Find the sum of the first eight terms of a linear sequence whose first term is 6 and last term is 46
tn=a+(n-1)d
T8=6+(8-1)d
46=6+(8-1)d
46=6+7d
7d=46-6
7d=40
d=40/7
d=5.7
sn=n/2(2a+<n-1>d)
=8/2(2times6(8-1)5.7)
=4(12+(39.9)
=4times51.9
=204
Is 208 the final answer?
sn=n/2(2a+<n-1>d)
If 46 is the 8th term, then
S8 = 8/2 (6+46) = 208
To find the sum of the first eight terms of a linear sequence, we can use the formula for the sum of an arithmetic series.

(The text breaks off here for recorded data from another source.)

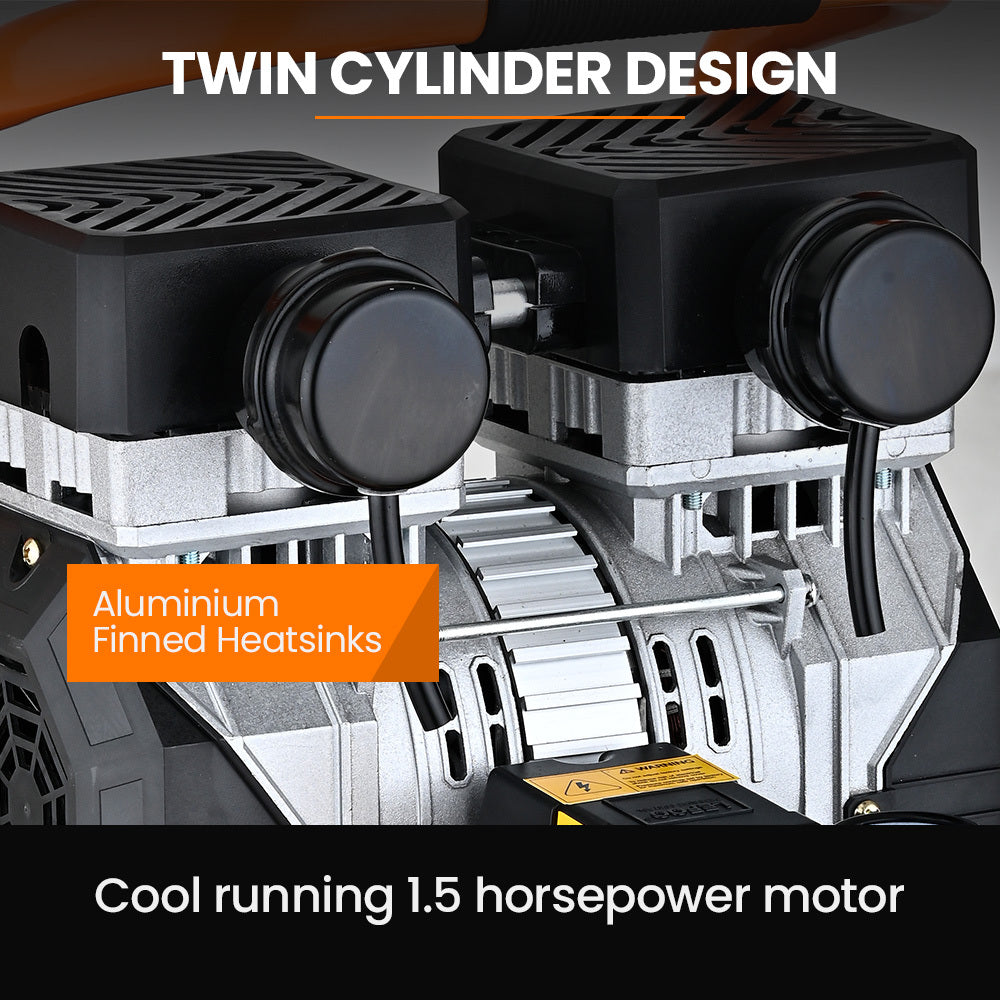 This Oil-Free Air Compressor is powered by a twin-cylinder 1.1kw motor - which is equivalent to a total output of up to 40% more than comparable models on the market!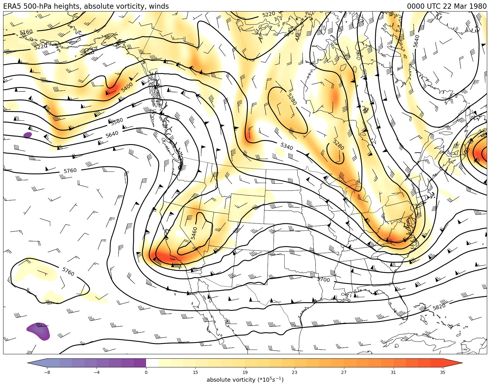 Data obtained from the ECWMF Climate Data Store and plotted using tools from the Unidata Python training gallery.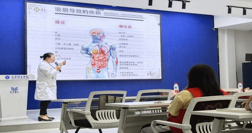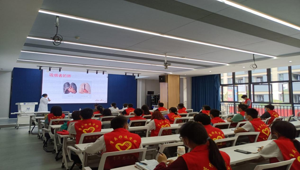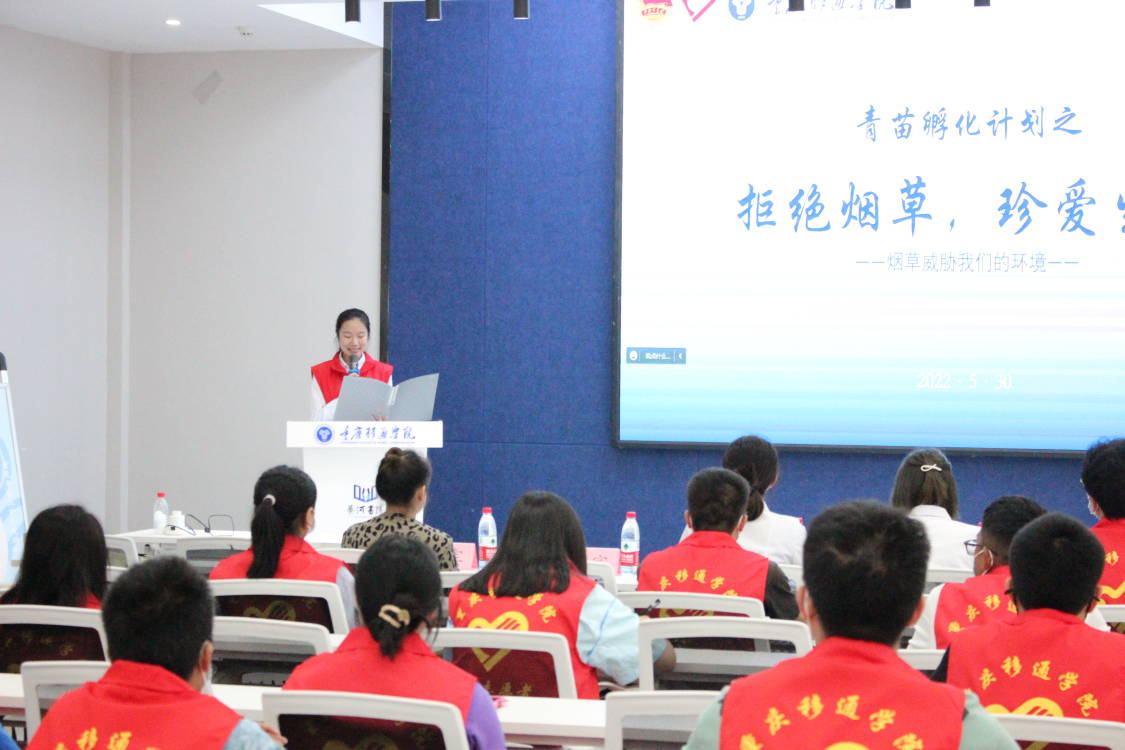 健康,随烟而逝;病痛,伴烟而生。吸烟“百害而无一利”,影响健康,缩短寿命。据统计:目前我国有3.5亿烟民,占全球吸烟总人口的三分之一,且近1亿年轻人因吸烟过早死亡。为普及有关烟草危害知识,提高同学们远离烟草的意识,我校红十字应急救援志愿服务专项支队携手青年志愿者协会邀请綦江区中医院肺科科室主任周明娅主任于2022年5月30日在我校QH2222观涛·多功能报告厅举办了2022世界无烟日:“拒绝烟草,珍爱生命”的知识讲座,对同学们进行相关知识培训。本次培训采取“线上+线下”的方式进行。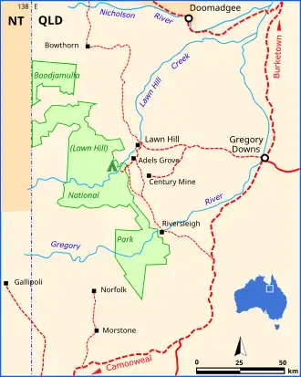- ^ a b c "Boodjamulla (Lawn Hill) National Park (entry 43617)". Queensland Place Names. Queensland Government. Retrieved 25 June 2017.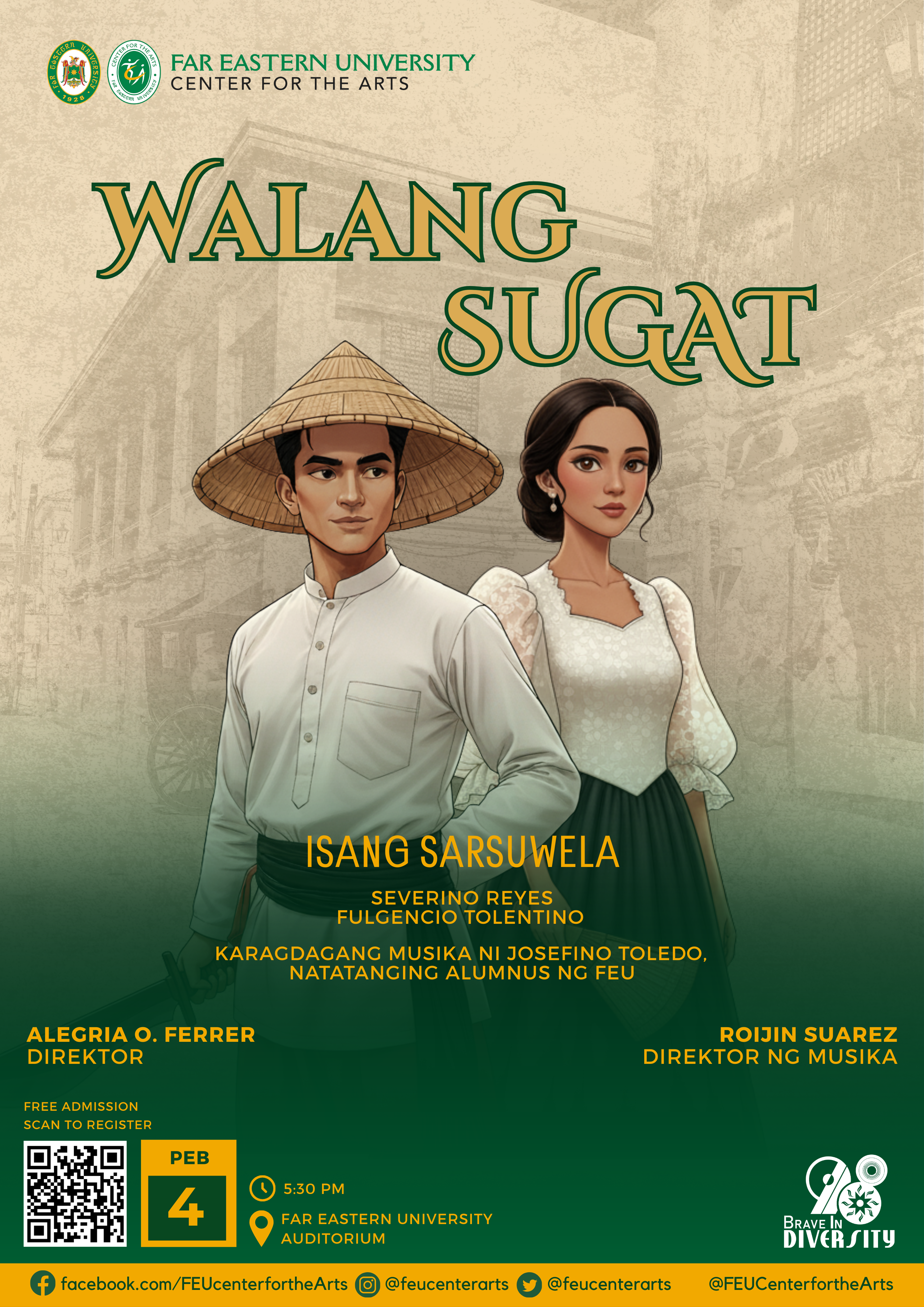 In celebration of Far Eastern University’s 98th founding anniversary, the FEU Center for the Arts (FCA) proudly presents WALANG SUGAT, a historic and more than century old sarswela written by Severino Reyes with music by Fulgencio Tolentino.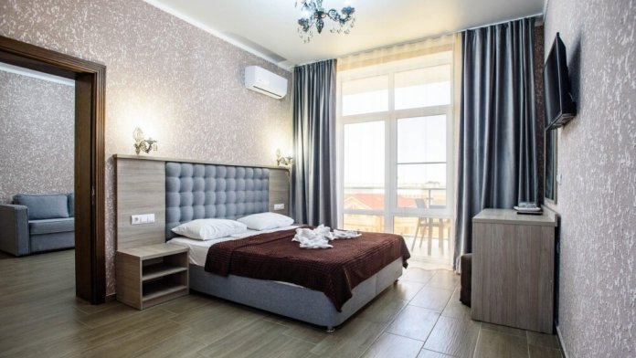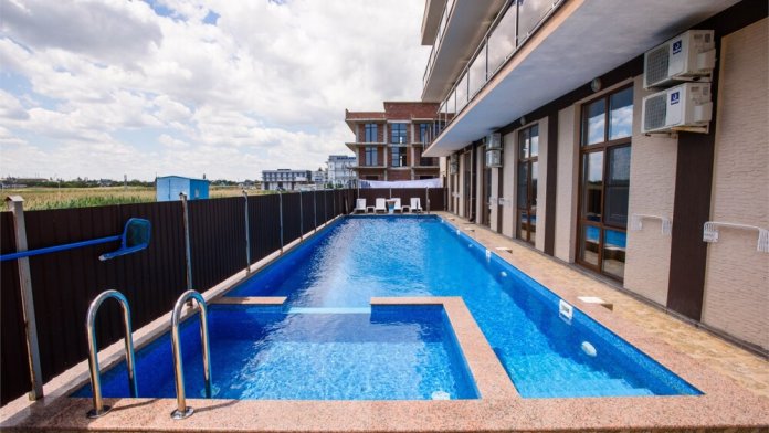 Отель «Одиссея» с собственным бассейном, современный отель, 2020 г. постройки, расположен на 1-й береговой линии, через дорогу от Золотого пляжа курорта Феодосия.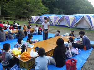 最後の夜はキャンプファイヤー。実行委員さんはすてきな点火式を考えてくれました。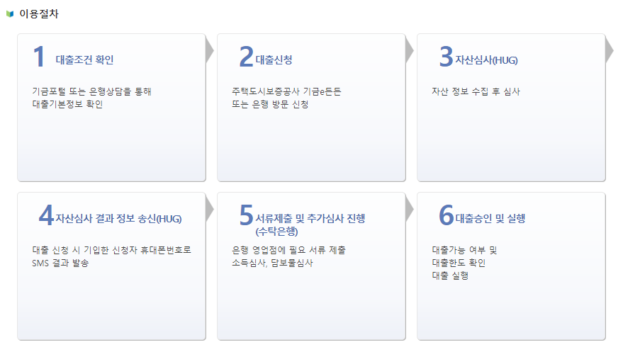- 대출 접수일 현재 민법상 성년인 세대주 그리고 세대주를 포함한 세대원 전원 무주택인 자연체, 대위변제, 대지급, 부도, 금융질서문란정보, 공공기록정보, 특수기록정보, 관련인 정보, 신용회복지원등록정보 사항이 없는 사람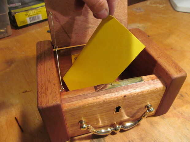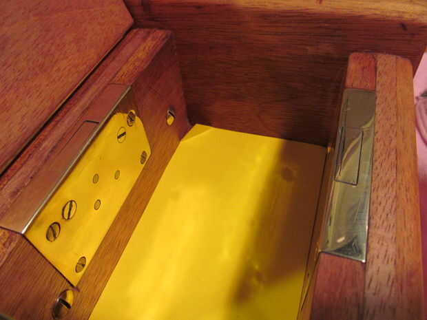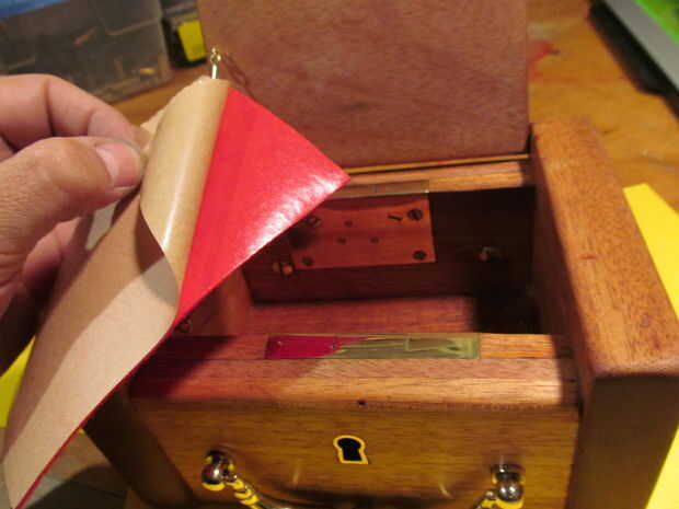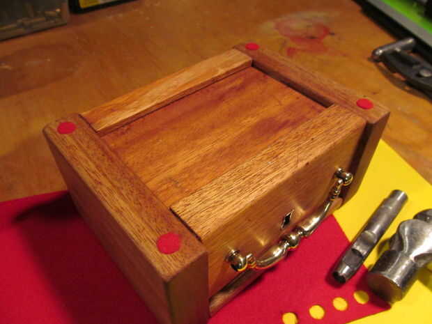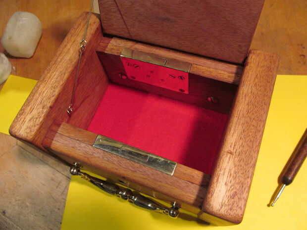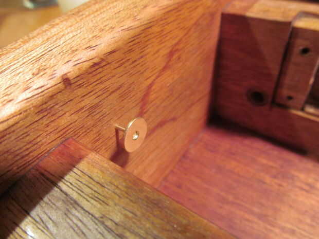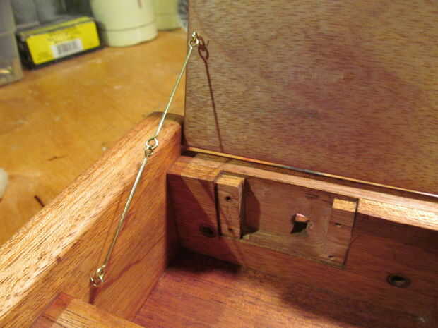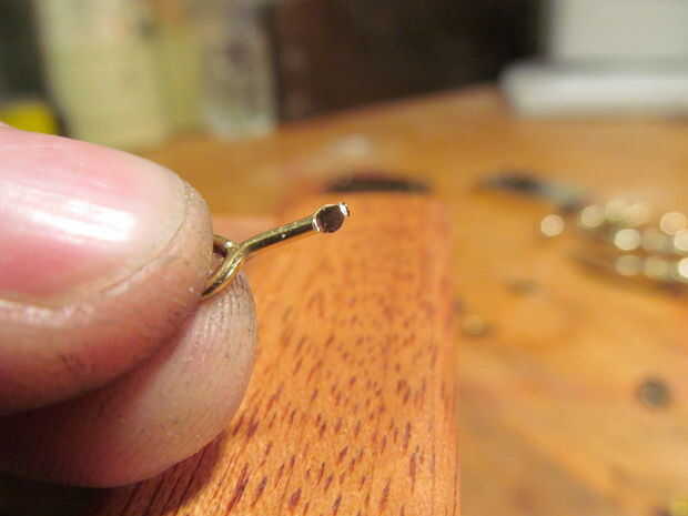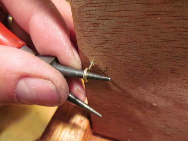 La captura fue hecha de varilla de latón. Con el fin de evitar el uso de tornillos que están "fuera de plazo" para el cuadro he instalado los puntos de anclaje por perforar la madera con una tachuela y luego quema el ojo ganchos para que ajuste la presión.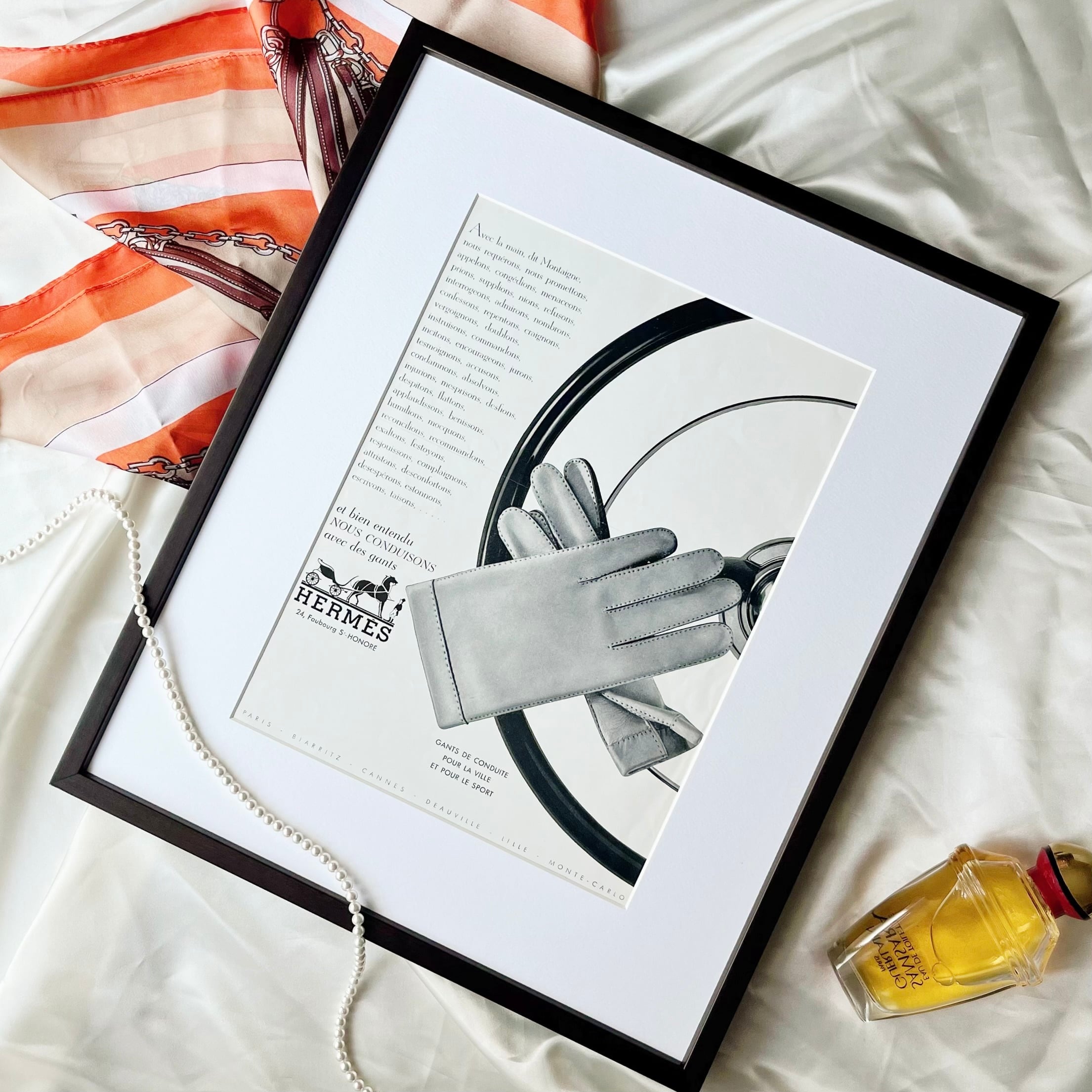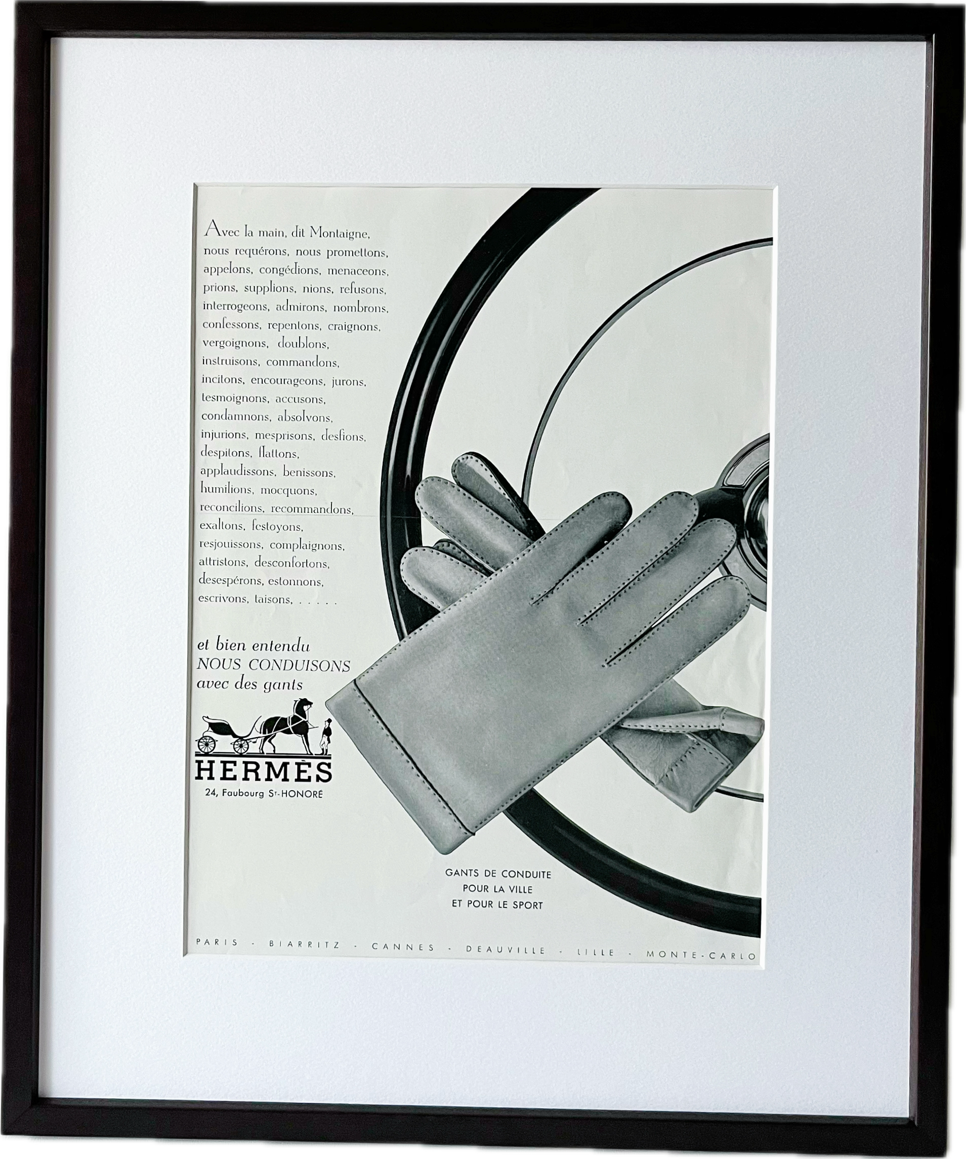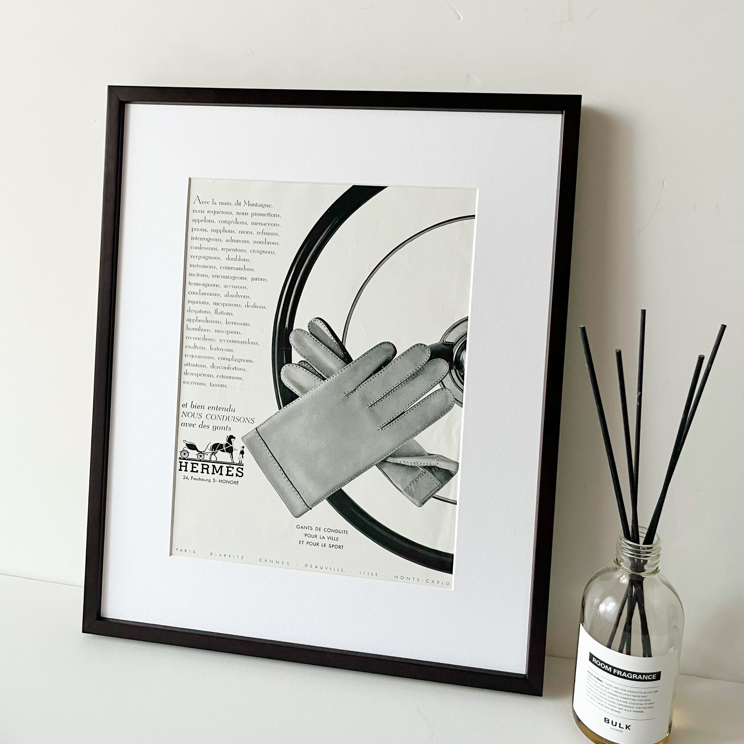<1956 広告> HERMES エルメス グローブ ポスター ヴィンテージ アートポスター 額縁 フレーム付き インテリア モダン おしゃれ かわいい 壁掛け ポップ レトロ モノクロ モノトーン | Belle_ame ヴィンテージアートポスター

The formula is given by:
S = (n/2)(2a + (n-1)d)
where:
S is the sum of the series,
n is the number of terms in the series,
a is the first term of the series, and
d is the common difference between consecutive terms.
In this case, the linear sequence starts with a = 6 and ends with the eighth term, which is 46. We need to find the value of d (the common difference) in order to calculate the sum.
The general formula for the nth term of an arithmetic sequence is given by:
An = a + (n-1)d
Using this formula, we can substitute the given values of the first term (6) and the last term (46) to solve for d.
46 = 6 + (8-1)d
46 = 6 + 7d
40 = 7d
d = 40/7
d ≈ 5.71
Now that we have found the common difference (d ≈ 5.71), we can substitute it into the sum formula to find the sum of the first eight terms:
S = (8/2)(2 * 6 + (8-1) * 5.71)
S = 4(12 + 7 * 5.71)
S ≈ 4(12 + 39.97)
S ≈ 4(51.97)
S ≈ 207.88
Therefore, the sum of the first eight terms of the given linear sequence is approximately 207.88.